この自己紹介だけ読むと、「人生の成功者」という印象を持ちますが、その裏には圧倒的な挑戦と努力がありました。

今回は、mimosa代表の齋藤汐里さん(以下、Shioriさん)のmimosa起業までの人生を振り返りながら、チャンスをつかむ生き方に迫ります

【齋藤 汐里(さいとう・しおり)さん】1988年千葉生まれ、ニューヨーク在住。アメリカの大学で4年間舞台芸術の勉強をした後、日本に帰国。その後テレビ業界に就職し、日本テレビ「アナザースカイ」をはじめとする海外での撮影をメインとしたドキュメンタリー番組に多く携わる。2016年、結婚を機に再度アメリカに移住。2018年にニューヨークに拠点を構え、CM・テレビ番組・ウェブ動画など、幅広いジャンルの映像制作を手がける。

・2021 Adobe Community Fund クリエイターに選出
・2021 内閣府主催クールジャパン動画コンテスト 奨励賞受賞
・2021 New York International Film Festival 審査員賞受賞
・ 2021 SONY 特別セミナー登壇
・2022 CP+ 登壇

https://lit.link/shiorisaito


ハリポタ好きがすべての始まり

-Shioriさんと言えばニューヨーカーな印象が強いですが、なぜ日本を飛び立つことになったのですか?

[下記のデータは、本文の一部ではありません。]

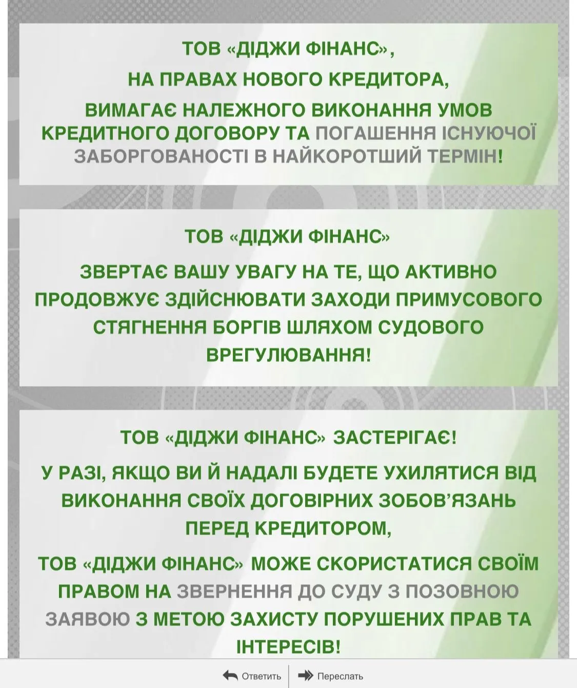 Здравствуйте) мне диджики вот такое прислали, уже второе письмо за месяц 🫣 хочу в сл. Месяце оплатить долг, но боюсь что они за этот месяц уже в суд пойдут 😀 вам не приходило подобное? Есть ли время у меня 🤔🫣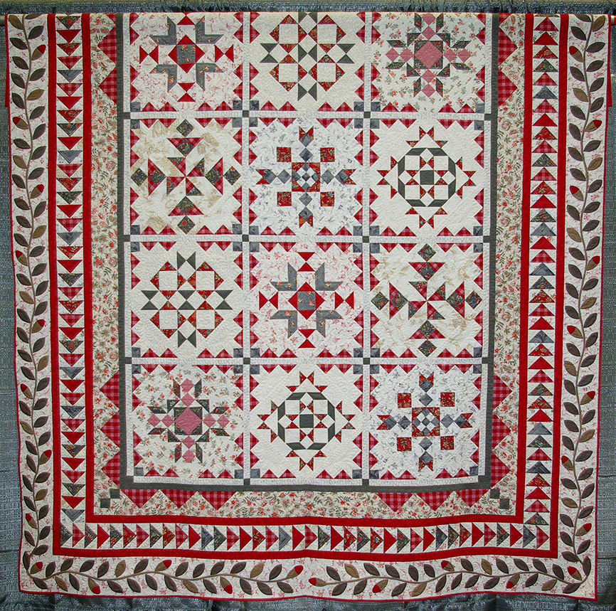 This is a Block of the Month called 'Love Letters' by Sherri Falls. I added the flying geese and leaf applique borders.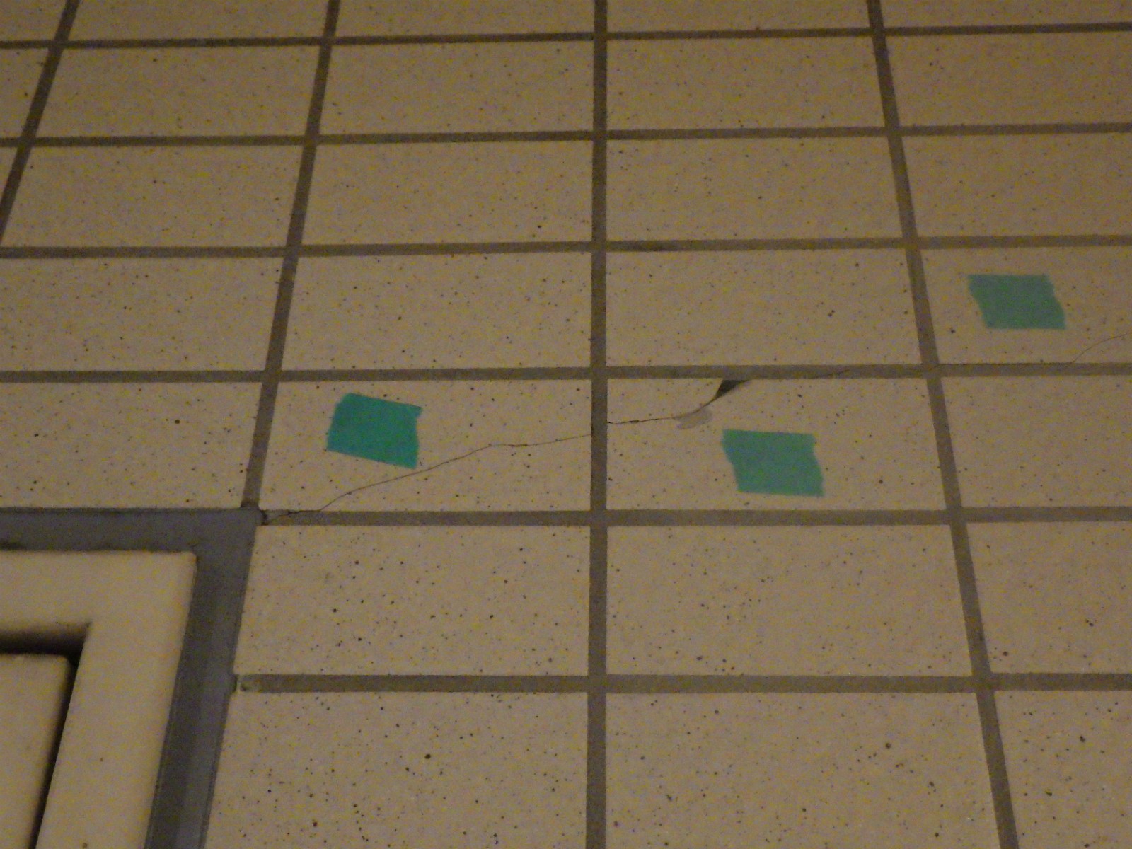 打診棒(先に玉がついた棒)を転がしタイル面や塗装面の浮きを調査する打診調査(打診検査)や目視等で補修が必要な箇所を調査し、マーキングを行います。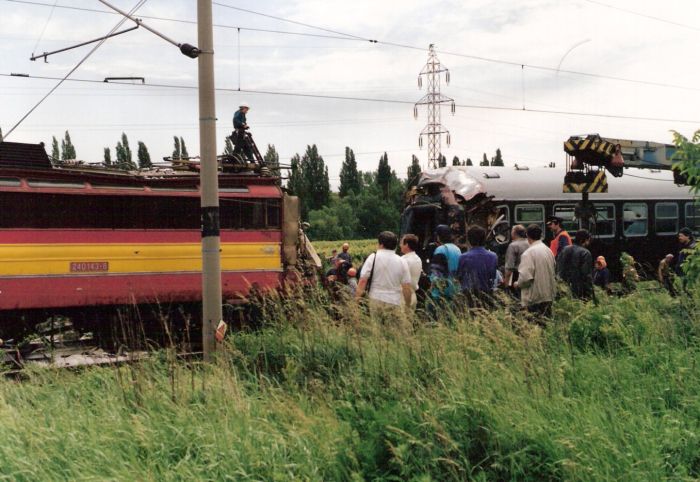 Nehoda v km 11,5 trati Jur - Rača 2.6.1995 medzi 6,46 - 6,52 hod (os 2827 a R 614). Vľavo rozbitá 240 143-8, vpr. poškod. vozeň 21-18 200. Rameno EDK 750. Robot., civili. Foto: M. Entner, 2.6.1995. 178 x 126, COLOR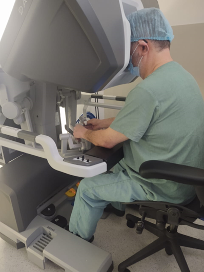 Ë uma cirurgia que fazemos com o auxílio do robô,. O robô tem uma visão muito maior e melhor do caso, enxergando em 3 D, onde sua lente chega a girar 540 graus ! é um recurso maravilhoso!

すべてはハリーポッターが始まりなんです。中学1年生の時に、1作目の賢者の石が映画化され、どハマりしてしまって。そこから映画の舞台であるイギリスに行きたくなり、お小遣いでイギリスのガイドブックを買って、ロケ地をチェックしているうちに海外の文化にも興味を持ち始めて。「海外に行くなら英語が話せないと!」ということで、高校は国際教養学科に進学しました。そこから、3年かけて海外の大学に進学することを親に説得し、アメリカに渡ることが決まりました。

ハリーポッターと呪いの子、劇場前

-大学から一人で渡米することに不安はなかったのですか?

私、人と同じようにするのが苦手で。例えば、中学のテニス部で、みんなのラケットは赤なのに、私だけ青を選んじゃうような子だったんです。だから、社会のレールから外れる怖さより、周りと違う道を歩むことへの憧れの方が強かったんですよね。

アメリカの大学で舞台芸術を学ぶ

-大学では舞台芸術を専攻されたそうですね。

実は、元々は経済学部に進学が決まってたんですよ。でも、渡米後に入学する大学が、ブロードウェイで活躍する役者さんを排出しているような パフォーミングアーツにおける有名校であることを知り、舞台デザイン科に興味を持って。もともと絵を描いたり、ハリーポッターの映画のセットに興味があったので、「せっかくアメリカに来たんだから!」のノリで、学部変更の相談に行きました。そこで出会ったドイツ人の先生が、学部唯一の外国人だった私の話をすごく親身に聞いてくれて。「何かスケッチしてみて」と言われて、その場でお絵描き程度に描いただけでしたが、無事に舞台芸術学科に入学が決まりました。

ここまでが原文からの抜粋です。